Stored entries
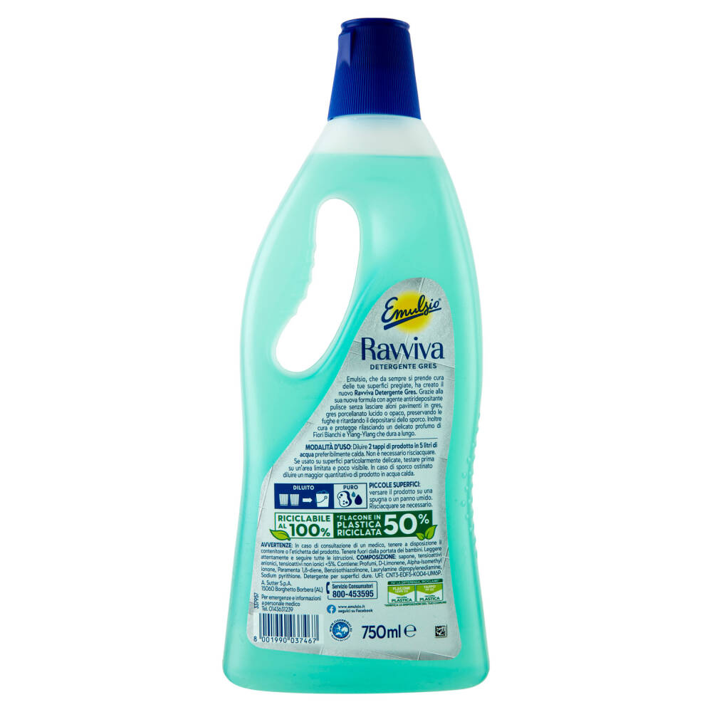 Emulsio, che da sempre si prende cura delle tue superfici pregiate, ha creato il nuovo Ravviva Detergente Gres. Grazie alla sua nuova formula con agente antiridepositante pulisce senza lasciare aloni pavimenti in gres, gres porcellanato lucido o opaco, preservando le fughe e ritardando il depositarsi dello sporco. Inoltre cura e protegge rilasciando un delicato profumo di Fiori Bianchi e Ylang-Ylang che dura a lungo.
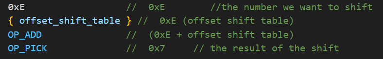 And then, to get the result, we just need to obtain the proper offset inside the table. Note that the table is generated in reverse, as the pick operation uses the depth in the stack to obtain the position of the result.
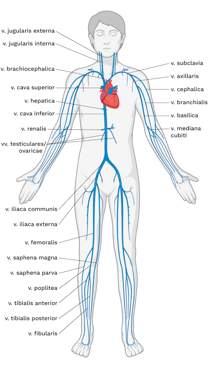 I bryst- og bughulen og i hjernen er der ingen veneklapper, bortset fra den store vene, der fører blodet fra hjernen til c. cava superior (vena jugularis interna). Her føres blodet opad ved hjælp af de ændrede trykforhold, der opstår, når vi trækker vejret, og ved trykreduktionen i forkamrene ved sænkningen af klappeplanet. Fra de dele af kroppen, der er placeret højere end hjertet, påvirkes veneløbet af tyngdekraften. Trykket her er derfor lidt mindre end i venerne i underekstremiteterne, og årevæggen er endnu tyndere. Et hæmodynamisk særtilfælde findes i portvenen i leveren (vena portae), hvor media-muskulaturen fører blodet mod leveren i regelmæssige kontraktioner.
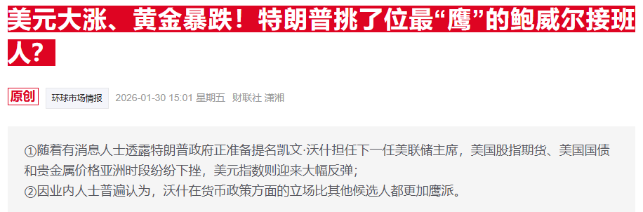 他还指出,近期围绕谁将出任下任美联储主席的猜测也影响了贵金属市场,“市场此前明显在计价一位较为鸽派人选的风险,这在很大程度上支撑了黄金等贵金属的价格。但在过去24小时内,消息面发生了变化。”
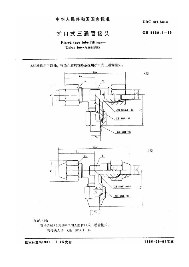GB/T 5639.1-1985 扩口式三通管接头
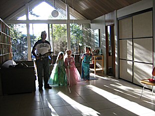 Our new next door neighbors came over for dinner. Scott made the mistake of agreeing to play with the girls. He wound up being cast as the one eyed pirate ;-) |

PROBLEM DETAILS —
Repeat each record as given. No picture belongs in the copy.

EXERCISE ANSWER —
 Emulsio, che da sempre si prende cura delle tue superfici pregiate, ha creato il nuovo Ravviva Detergente Gres. Grazie alla sua nuova formula con agente antiridepositante pulisce senza lasciare aloni pavimenti in gres, gres porcellanato lucido o opaco, preservando le fughe e ritardando il depositarsi dello sporco. Inoltre cura e protegge rilasciando un delicato profumo di Fiori Bianchi e Ylang-Ylang che dura a lungo.
 And then, to get the result, we just need to obtain the proper offset inside the table. Note that the table is generated in reverse, as the pick operation uses the depth in the stack to obtain the position of the result.
 I bryst- og bughulen og i hjernen er der ingen veneklapper, bortset fra den store vene, der fører blodet fra hjernen til c. cava superior (vena jugularis interna). Her føres blodet opad ved hjælp af de ændrede trykforhold, der opstår, når vi trækker vejret, og ved trykreduktionen i forkamrene ved sænkningen af klappeplanet. Fra de dele af kroppen, der er placeret højere end hjertet, påvirkes veneløbet af tyngdekraften. Trykket her er derfor lidt mindre end i venerne i underekstremiteterne, og årevæggen er endnu tyndere. Et hæmodynamisk særtilfælde findes i portvenen i leveren (vena portae), hvor media-muskulaturen fører blodet mod leveren i regelmæssige kontraktioner.
 他还指出,近期围绕谁将出任下任美联储主席的猜测也影响了贵金属市场,“市场此前明显在计价一位较为鸽派人选的风险,这在很大程度上支撑了黄金等贵金属的价格。但在过去24小时内,消息面发生了变化。”
GB/T 5639.1-1985 扩口式三通管接头
 Our new next door neighbors came over for dinner. Scott made the mistake of agreeing to play with the girls. He wound up being cast as the one eyed pirate ;-) |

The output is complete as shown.